I have met a whole bunch of partners over the last couple of weeks, all requesting different things, and it has got me thinking - are you / do you want to be a specialist or generalist and then do you want to be all things to a business, or a super capable techy?
First off, if you are a generalist, then this honestly means that you are a "Jack of all trades and a master of none" - well either that or you seriously need to get some more sleep. I prefer working with people who specialise in a few areas rather than those who try to do anything. If you do want to appear bigger and have a broader skill set, why not try relying on your local community of SBSC partners and farm out things you don't know well to those you can trust and become amazing at the things you do. If you fear competition with these guys, it is worth remembering a couple of things. 1st off, there are 4m small businesses in the UK and around 500 SBSC partners - that works out at 8,000 customers each - do you really think you are all going to compete or have the ability to service more than your fair share? Also, your customers should work with you because they trust you - do things to ensure that trust is maintained, be more than a super techy, and your position is assured.
On the business or technical front, this is a key question in the small business space. As a pure techy, you work to make the technology do amazing things, but perhaps you don't actually drive the business decision in your customers, you respond to them.
You see, you cannot be a super techy (IMHO - please comment if you disagree) AND a super business person at the same time. To cover both, you need to de-focus a little on one or the other so that you are good at best, but not great at both, but then remember this and think about calling in the cavalry should it be required - whether this is MS Support or one of the partners around you. The key here is that if you want to drive the business in your customers, you need someone else to be the super techy at times.

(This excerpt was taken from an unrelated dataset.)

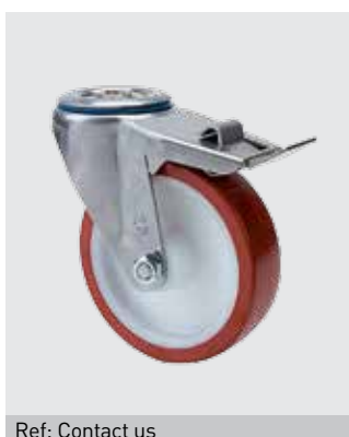
Ref: Contact us

To avoid external disturbances during the weighing process.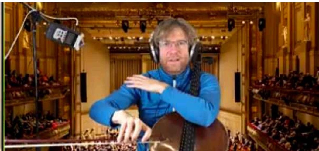
Virtual cello masterclass with Johannes Moser

Now, if you want to be a super techy, where would you put your time - into SBSC which is about developing your overall business areas or into something like Technet, which has much less business focus, but does deliver loads of information about our technology and often provides opportunity for early beta access via the Technet Beta programme? We do that in SBSC as well, but it is often around Technology Adoption Programmes (TAPs) where we are after supporting our partners and building a portfolio of case studies rather than readiness. Obviously Microsoft does much general beta access, but this is the same for everyone - in businesses of any size.
What would be the ideal solution for small businesses, all super techy, all both, all business? Should we actually end up with those who are business oriented driving our customers strategy for those that need the direction and then relying on those who are super techy to do the amazing things to make it real. In some small business partners, they already ahve people that fit into this slot, in others, perhaps it is time to decide where you fit?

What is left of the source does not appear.